Client-side polling. A client can send messages on its own timer. This works but requires the client to be running. Daemon crons fire regardless of client state.
Unresolved Questions
- Should crons support arguments beyond the skill name?
- Should there be a max cron count to prevent resource exhaustion?
0082 - Scoping
- Feature Name: Agent Scoping
- Start Date: 2026-03-22
- Discussion: #82
- Crates: runtime, core
Summary
A whitelist-based scoping system that restricts what an agent can access: tools, skills, MCP servers, and delegation targets. Enforced at dispatch time and advertised in the system prompt. This is a security boundary, not a hint.
Motivation
In multi-agent setups, a delegated sub-agent should not have the same capabilities as the primary agent. A research agent doesn’t need bash. A summarizer doesn’t need to delegate to other agents. Without scoping, every agent has access to everything — which means a misbehaving or confused agent can call tools it was never intended to use.

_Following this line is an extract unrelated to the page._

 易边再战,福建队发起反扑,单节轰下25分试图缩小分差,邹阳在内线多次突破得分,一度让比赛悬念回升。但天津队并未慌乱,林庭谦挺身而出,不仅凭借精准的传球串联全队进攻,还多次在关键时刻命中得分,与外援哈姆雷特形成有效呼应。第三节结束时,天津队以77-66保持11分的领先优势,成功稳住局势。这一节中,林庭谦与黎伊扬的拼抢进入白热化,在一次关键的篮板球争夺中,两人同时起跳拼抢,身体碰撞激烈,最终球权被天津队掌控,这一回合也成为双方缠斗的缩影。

Scoping solves this by letting agent configs declare exactly what resources are available. The runtime enforces it.
Design
AgentScope
#![allow(unused)]
fn main() {
pub struct AgentScope {
pub tools: Vec<String>, // empty = unrestricted
pub members: Vec<String>, // empty = no delegation
pub skills: Vec<String>, // empty = all skills
pub mcps: Vec<String>, // empty = all MCP servers
}
}
Empty list means unrestricted. Non-empty means only listed items are allowed. This is an inclusive whitelist, not a denylist.
Whitelist computation
When an agent has any scoping (non-empty skills, mcps, or members), the runtime
computes a tool whitelist during on_build_agent:
- Start with
BASE_TOOLS:bash,ask_user— always available. - If memory is enabled: add
recall,remember,memory,forget. - If skills list is non-empty: add
skilltool. - If mcps list is non-empty: add
mcptool. - If members list is non-empty: add
delegatetool.
The computed whitelist replaces config.tools. Tools not on the list are
invisible to the agent.
Prompt injection
A <scope> block is appended to the system prompt listing the agent’s allowed
resources:
<scope>
skills: check-feeds, summarize
mcp servers: search
members: researcher, writer
</scope>
This tells the agent what it can use. The agent doesn’t need to guess or discover — its boundaries are stated upfront.
Enforcement
Scoping is enforced at four dispatch points:
dispatch_tool— rejects tool calls not in the agent’s tool whitelist.dispatch_skill— rejects skill names not in the agent’s skill list.dispatch_mcp— filters MCP server list to allowed servers.dispatch_delegate— rejects delegation to agents not in the members list.
Enforcement happens at runtime, not just at prompt time. Even if the LLM
ignores the <scope> block and tries to call a restricted tool, the dispatch
layer rejects it.
Default agent
The default agent (primary) has no scope restrictions — empty lists on all four dimensions. Scoping is for sub-agents that need constrained access.
Alternatives
Denylist instead of whitelist. List what’s forbidden instead of what’s allowed. Rejected because allowlists are safer by default — a new tool or server is inaccessible until explicitly granted. Denylists require updating every time a new resource is added.
Prompt-only scoping. Tell the agent its restrictions in the prompt but don’t enforce at dispatch. Rejected because LLMs don’t reliably follow instructions — a determined or confused model will call tools it was told not to. Enforcement must be at the dispatch layer.
Unresolved Questions
- Should scoping support wildcard patterns (e.g.
mcp: search-*)? - Should scope violations be logged as security events for monitoring?